The workaround is to run the tf2.convert on x86. The resulting onnx file then has the correct number 784 in Reshape operator. python3 -m tf2onnx.convert --opset 15 --fold_const --saved-model mnist_seqdnn --output mnist_seqdnn_x86.onnx

Describe the bug With all the same library versions and the same source model in TF. When converting to onnx on s390x processor architecture system, a constant in the Reshape operator is a large number 268632064. On a system with x86 processor the constant is as expected 784. s390x is a big endian system unlike x86. Typically the endianes is handled by the primitive operations and operators of either python or c++. Unless there is a direct interpretation of words/dwords in the code. The large number could be an indication of it.

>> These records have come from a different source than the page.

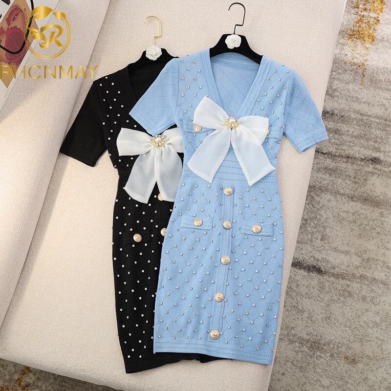 V ネック夏秋の女性ドレス ビーズ弓ボタン半袖シックなパーティー ニット ドレス Vestidos ショート リボン ハーフスリーブ サマー 夏物 オータム 秋物 Vネック Rhc3099643334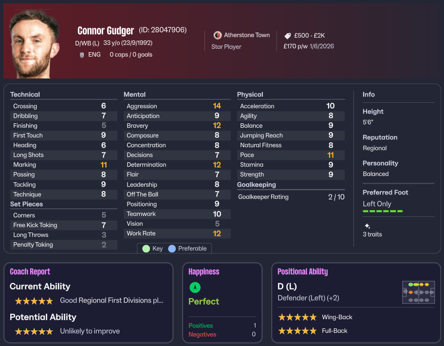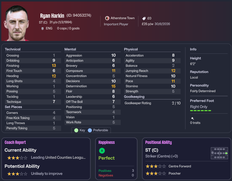 The first was Ryan Harkin, a prolific striker who’d left Atherstone after their play-off exit and joined Coventry United. Coventry were top of the league, flying, and Harkin was their main man up front—12 goals from 20 games, comfortably the division’s top scorer. On paper, there was absolutely no reason for him to drop down to a mid-table side. But Paul had to try.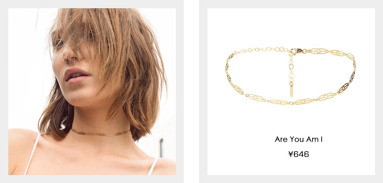 來自LA的平價品牌Are You Am I就有很多這樣的細金屬Choker,大多材質都是14K黃金,戴起來時髦又不浮誇。

Urgency This blocks the application of tf2onnx on s390x families of systems. Perhaps also powerpc64le, etc

System information

Ubuntu 20.04
Tensorflow Version: 2.5.0
Python version: 3.8

To Reproduce Use MNIST dataset to train and save a sequential DNN model. model = tf.keras.models.Sequential([ tf.keras.layers.Flatten(input_shape=(28, 28)), tf.keras.layers.Dense(128, activation='relu'), tf.keras.layers.Dropout(0.2), tf.keras.layers.Dense(10) ]) ... # compile and fit. model.save("mnist_seqdnn", overwrite=True, include_optimizer=False, save_format='tf')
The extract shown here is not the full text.